Weihnachtsbräuche Ein Scheißerchen im Stall: Kataloniens kuriose Krippenkunst
Barcelona (dpa) - Die Krippenszene ist malerisch: Maria und Josef bestaunen das Jesuskind, ein Engel verkündet den Hirten auf dem Felde die frohe Botschaft, Schafe, Ziegen und Esel bevölkern den Stall und die Heiligen Drei Könige eilen mit Geschenken herbei.

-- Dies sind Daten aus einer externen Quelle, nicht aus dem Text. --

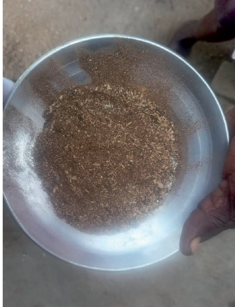
Maharashtra: Indigenous seeds collected by community members.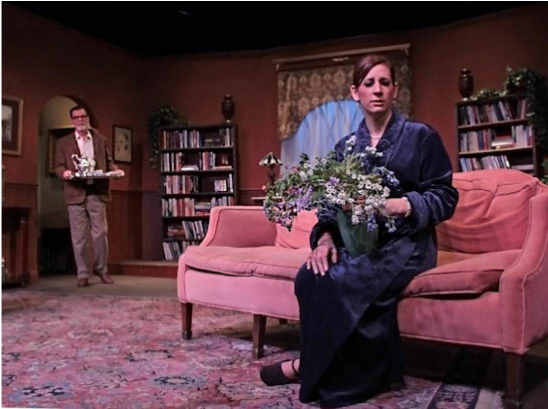
“An Act of the Imagination.”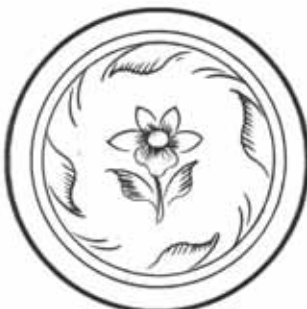
IE-SZa Flower / v:l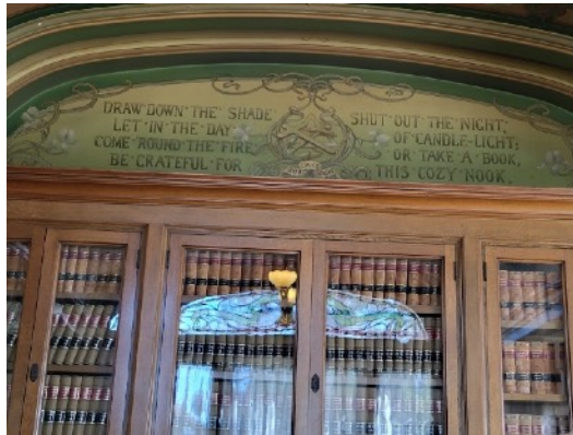
Library message above fireplace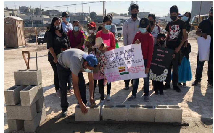
Laying of the first stone in Villa Margarita

The project of Villa Margarita is advancing and with it, the families who qualified. Even without having land, soon they will have the peace of mind of having a home with the basic necessities that will allow them to coexist as a family in a community of respect and harmony.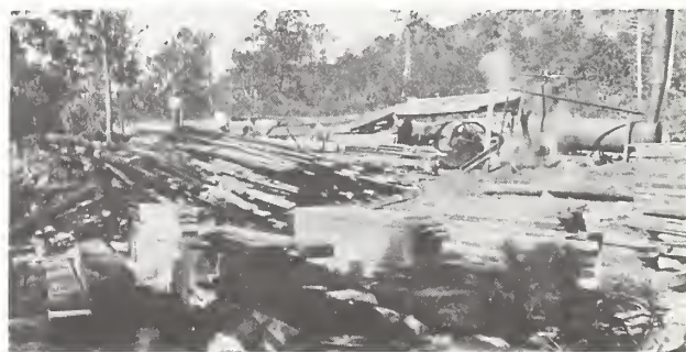
Figure 16. A small private sawmill on the Lincoln National Forest in 1922.

They just put the whole shootin' match into a DC-3 and took 'em right on up into Prescott. They took the same organization right off the Dudley fire and put 'em on the Mingas fire. That was 15,000 acres, and we nailed that one. We got home in time for a 4th of July rest, then went right on back to Safford on the Outlaw fire.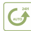
24 Hour Timer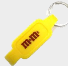
BOTTLE OPENER 2 POINTS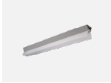
132-50031, S pendant profile 1000 mm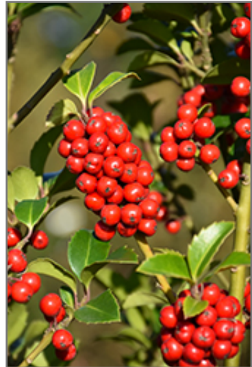
Castle Spire Meserve Holly fruit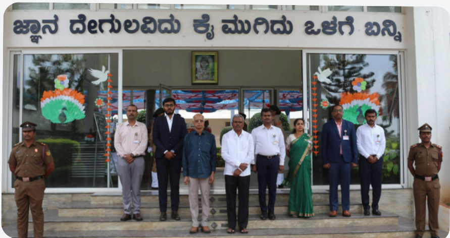
Republic Day 2026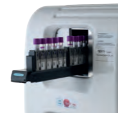
Test 1 XDL Code SI 195.260/XDL

Up to 40 samples per session with Beckman Coulter CBC racks Beckman Coulter Series LH 500.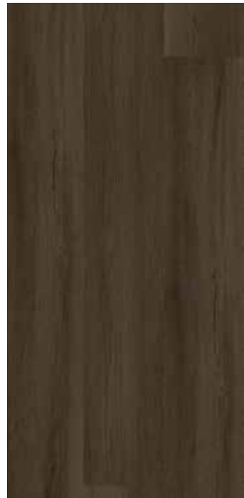
Blackwood Oak 6567AR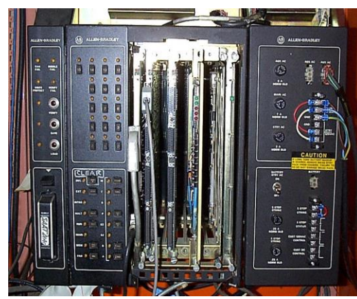
Processor Control Rack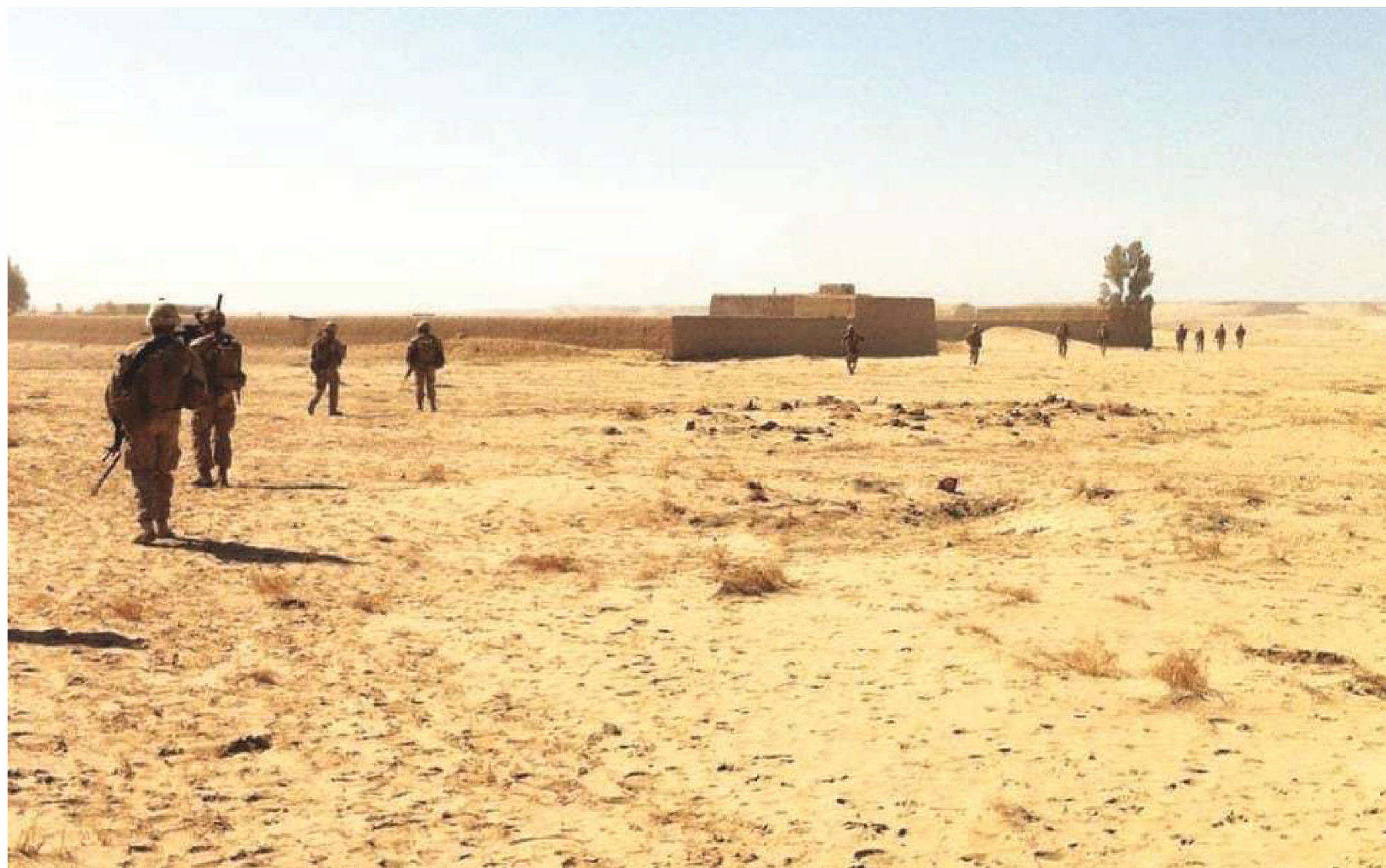
A squad from 1/9 conducts a patrol in Helmand Province in 2014.

"We need to talk about this ... I think we need to take a break."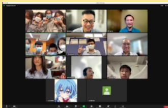
Interact Club of HCSS Board Meeting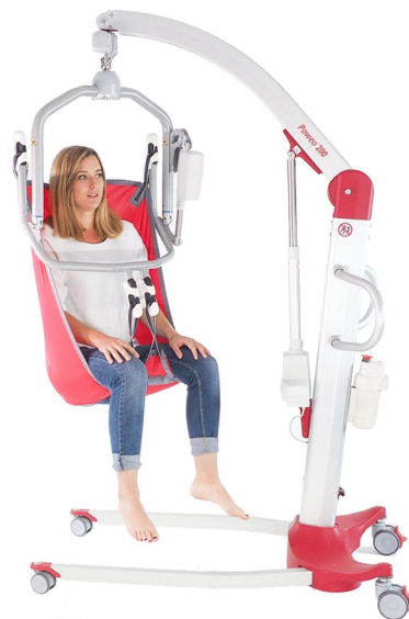
All day Ref. S8555 100 S, 200 M, 300 L, 400 XL.

Aber was ist das? Hinten in einer Ecke hockt Donald Trump und verrichtet mit heruntergelassenen Hosen und von der Idylle gänzlich ungetrübt sein Geschäft. Der neugeborene Messias scheint sich derweil an dem defäkierenden künftigen US-Präsidenten nicht zu stören - denn ein „Caganer“ (kleiner Scheißer) gehört im nordspanischen Katalonien schon seit Jahrhunderten zu den traditionellen Krippenfiguren.
Aber was haben blanke Hintern und braune Häufchen eigentlich mit Weihnachten und dem Jahresende zu tun? „Es heißt, dass es Unglück bringt, sie nicht aufzustellen, weil Fäkalien die Erde fruchtbar machen und die Caganer deshalb Glück und Fröhlichkeit für das kommende Jahr verheißen“, beschreibt die Webseite „ caganer.com“ die Historie des kuriosen Brauchs.
Während die Scheißerchen ursprünglich als Bauer mit roter Mütze, Schal und Pfeife dargestellt wurden, sind Satire und Fantasie seit einigen Jahren keine Grenzen mehr gesteckt. Ob Politiker, Schauspieler, Musiker oder Fußballer - in Barcelona und der gesamten Region Katalonien werden sie alle gleichermaßen aufs Korn genommen und in entblößter Hockstellung feilgeboten. Denn schließlich gelten die Figuren auch als Ausdruck des ironischen Stils der Katalanen.
Der frisch gewählte US-Präsident Trump mit roter Krawatte und die unterlegene Hillary Clinton im blauen Kostüm gehören in diesem Jahr erstmals zum Sortiment. Aber auch Angela Merkel, Marilyn Monroe, Mahatma Gandhi, William und Kate, Shakira, Lionel Messi und sogar Papst Franziskus wurden bereits Kot ausscheidend in einer Krippe gesichtet. Bei der abstuhlenden Figur Barack Obamas war statt seines Namens ein etwas zweideutiges „Yes, we can“ zu lesen.
Vor allem Kindern ist es eine Freude, die reich bestückte Krippe nach dem meist gut versteckten „Caganer“ abzusuchen. Und selbst das Königshaus und die katholische Kirche Spaniens haben die kuriosen Figuren schon längst als Teil der Tradition akzeptiert.
Aber es gab auch schon Ärger. So wurde vor 15 Jahren einem Konditor aus der Stadt Gerona mit Anschlägen gedroht, weil er den damaligen portugiesischen Fußballstar Luis Figo als Caganer im Schaufenster aufgestellt hatte. Der Zuckerbäcker weigerte sich dennoch standhaft, den Schoko-Figo und sein Häufchen zu entfernen und zeigte sich verwundert über die Empörung der Fans: „Ich habe schon Politiker wie den (früheren) spanischen Ministerpräsidenten Jose Maria Aznar als Caganer dargestellt, und es gab nie Ärger.“ Sicherheitskräfte stellten den Bäcker aber dennoch vorsichtshalber unter Polizeischutz.
Seit einigen Jahren hat der Caganer übrigens einen Gefährten: Den Pixaner. Dabei handelt es sich um ein Männchen mit offenem Hosenstall, der die Felder auf seine ganz eigene Weise bewässert.
Eins ist sicher: Alle Menschen verspüren irgendwann den Drang, ein stilles Örtchen aufzusuchen, vor 2000 Jahren in Bethlehem genauso wie heutzutage in Barcelona. Die Caganer haben somit auch eine fröhliche Botschaft, die irgendwie zu den Festtagen passt: In ihren intimsten Momenten - wenn sie die Hosen herunterlassen und ihrem grummelnden Darm nachgeben - sind alle Menschen gleich, ganz egal ob sie Portier, Papst oder Präsident sind.